Go through the material and return every line that contains the string "PAMAS".
□ □ □
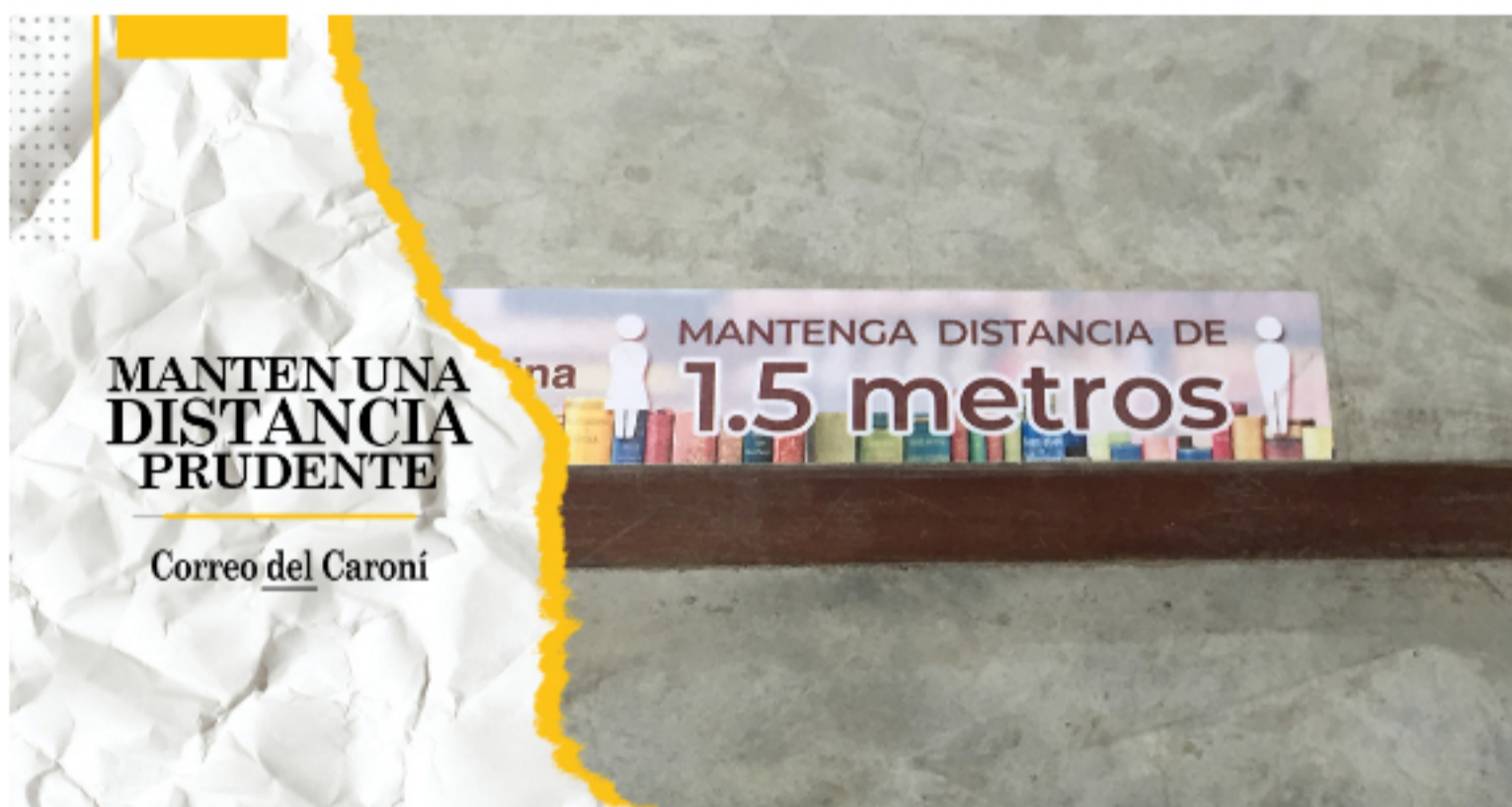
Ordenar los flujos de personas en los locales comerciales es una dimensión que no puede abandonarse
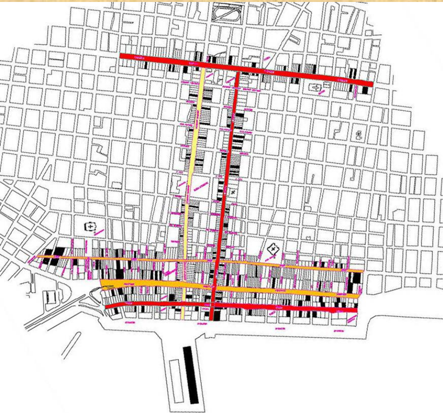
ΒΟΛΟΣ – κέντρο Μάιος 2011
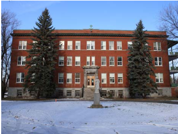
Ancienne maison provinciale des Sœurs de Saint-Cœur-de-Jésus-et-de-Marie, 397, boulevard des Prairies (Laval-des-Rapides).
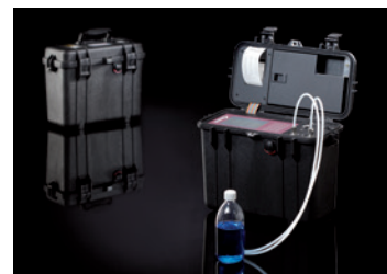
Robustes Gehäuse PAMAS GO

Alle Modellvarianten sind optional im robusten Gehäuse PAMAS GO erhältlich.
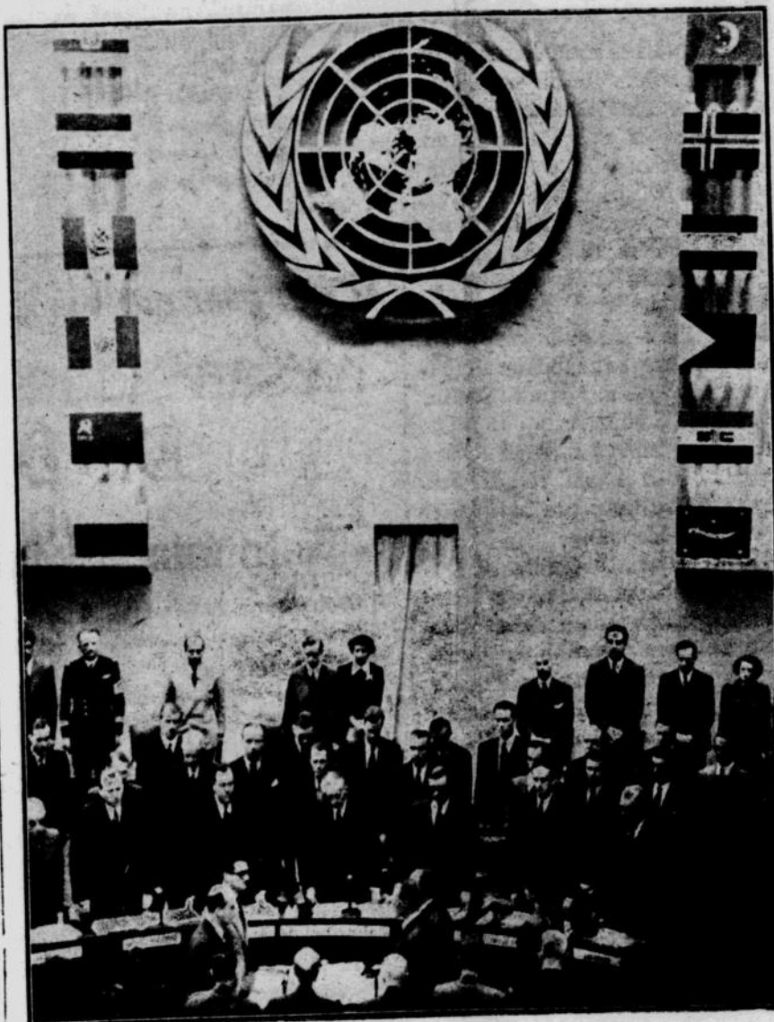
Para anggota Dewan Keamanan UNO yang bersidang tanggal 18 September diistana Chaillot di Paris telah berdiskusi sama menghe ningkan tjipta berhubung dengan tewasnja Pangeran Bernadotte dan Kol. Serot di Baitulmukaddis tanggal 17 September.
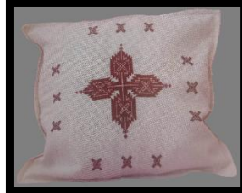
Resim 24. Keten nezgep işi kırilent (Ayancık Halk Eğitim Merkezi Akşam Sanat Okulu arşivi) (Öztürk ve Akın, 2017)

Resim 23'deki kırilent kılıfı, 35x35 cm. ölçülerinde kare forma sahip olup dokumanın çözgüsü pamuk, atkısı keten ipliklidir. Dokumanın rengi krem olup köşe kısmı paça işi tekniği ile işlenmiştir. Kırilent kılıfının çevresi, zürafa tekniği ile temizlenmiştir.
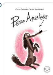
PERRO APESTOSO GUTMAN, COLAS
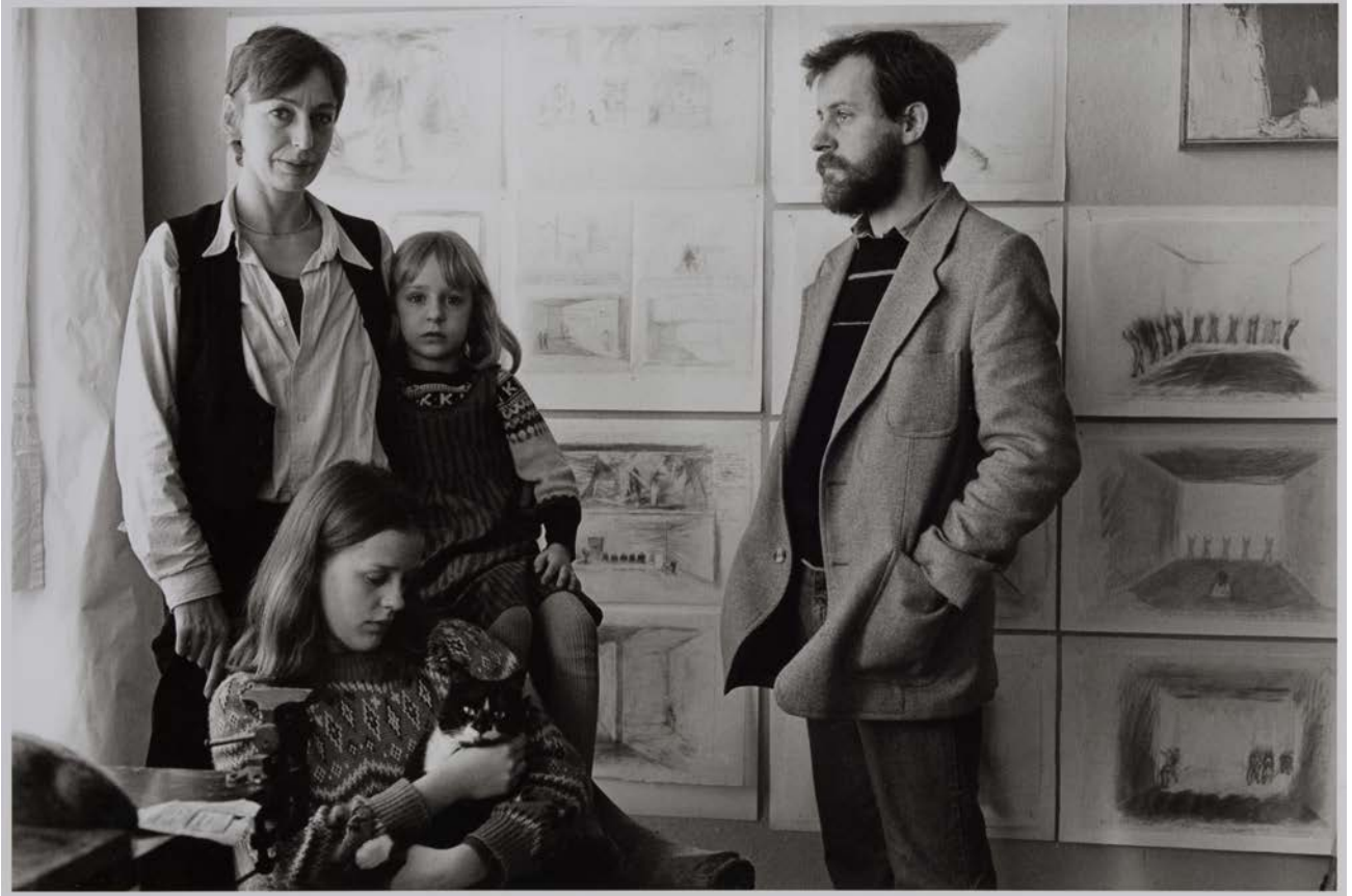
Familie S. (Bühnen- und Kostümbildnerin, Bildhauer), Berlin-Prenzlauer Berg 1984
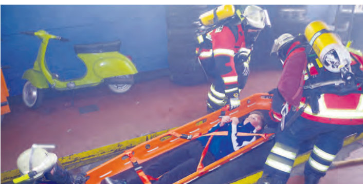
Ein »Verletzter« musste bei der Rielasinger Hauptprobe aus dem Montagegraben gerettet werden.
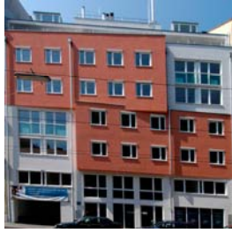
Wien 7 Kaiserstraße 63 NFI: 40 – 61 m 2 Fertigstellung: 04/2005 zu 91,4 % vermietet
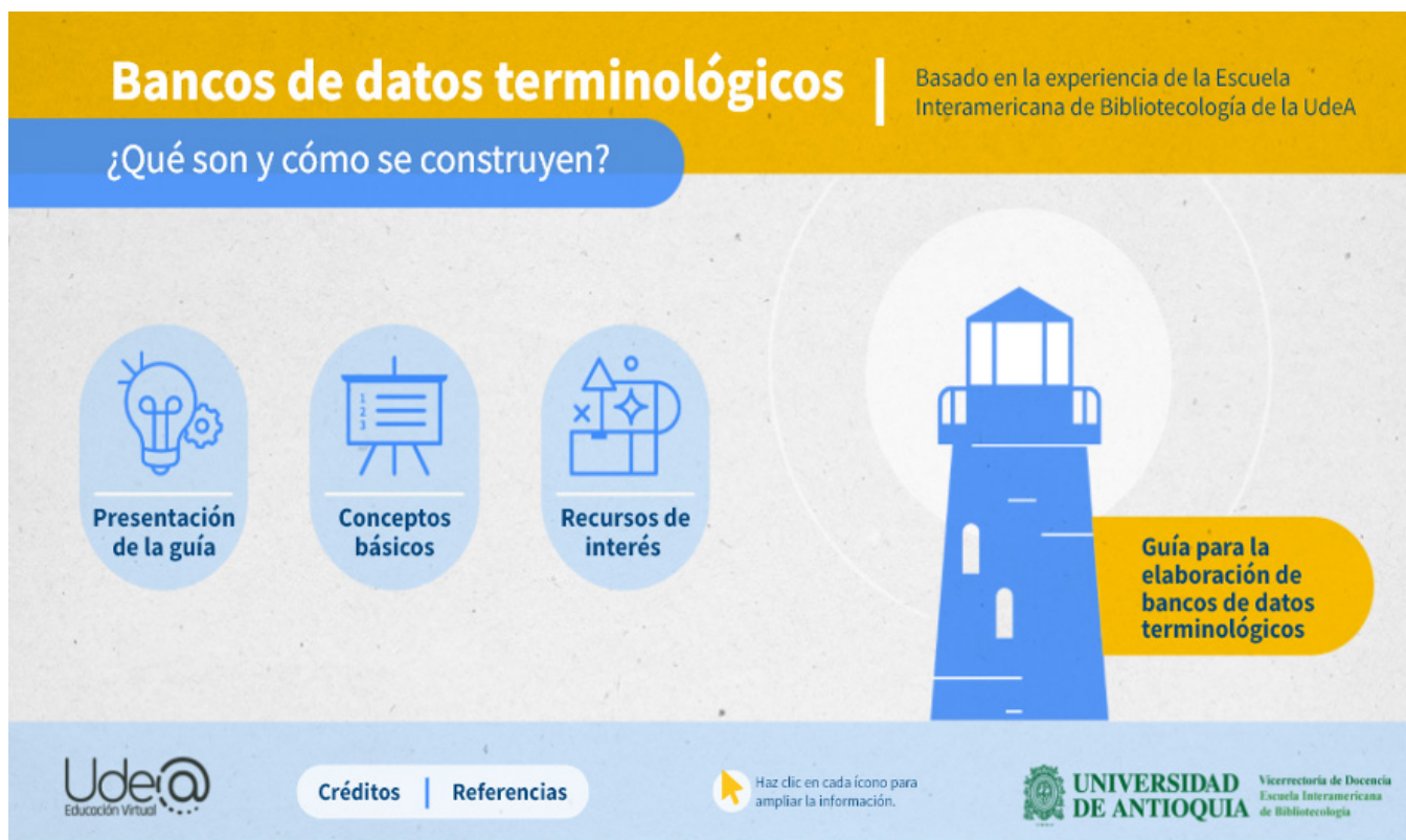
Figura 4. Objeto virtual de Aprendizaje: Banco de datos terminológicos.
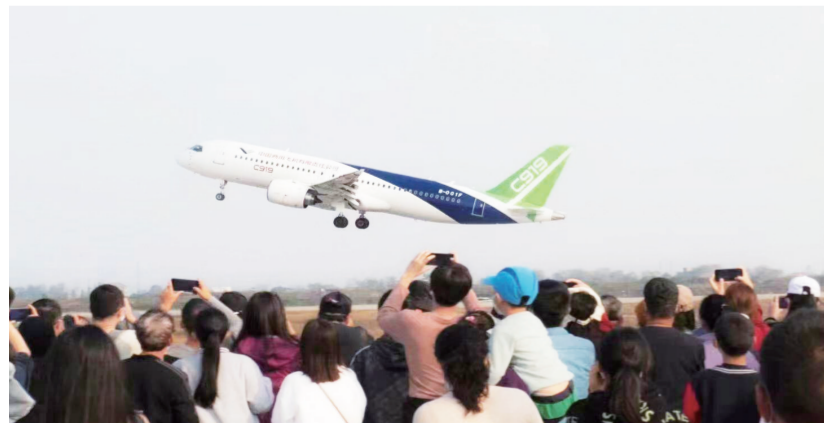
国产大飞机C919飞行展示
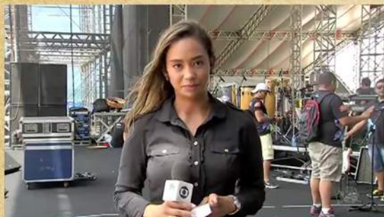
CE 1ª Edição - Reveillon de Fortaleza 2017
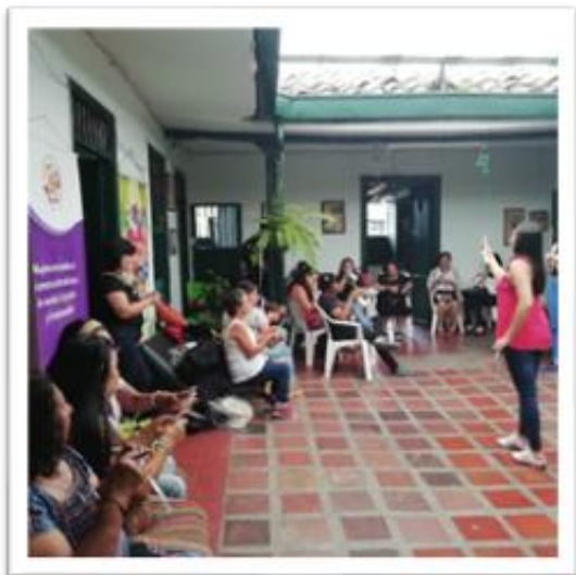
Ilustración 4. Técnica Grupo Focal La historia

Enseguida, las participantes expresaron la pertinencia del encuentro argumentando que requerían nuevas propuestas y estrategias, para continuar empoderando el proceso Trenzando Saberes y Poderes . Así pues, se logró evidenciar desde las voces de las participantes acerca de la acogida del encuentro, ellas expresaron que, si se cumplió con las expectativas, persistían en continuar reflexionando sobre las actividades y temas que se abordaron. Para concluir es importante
□ □ □
- **RESPONSE BELOW**
Robustes Gehäuse PAMAS GO
Alle Modellvarianten sind optional im robusten Gehäuse PAMAS GO erhältlich.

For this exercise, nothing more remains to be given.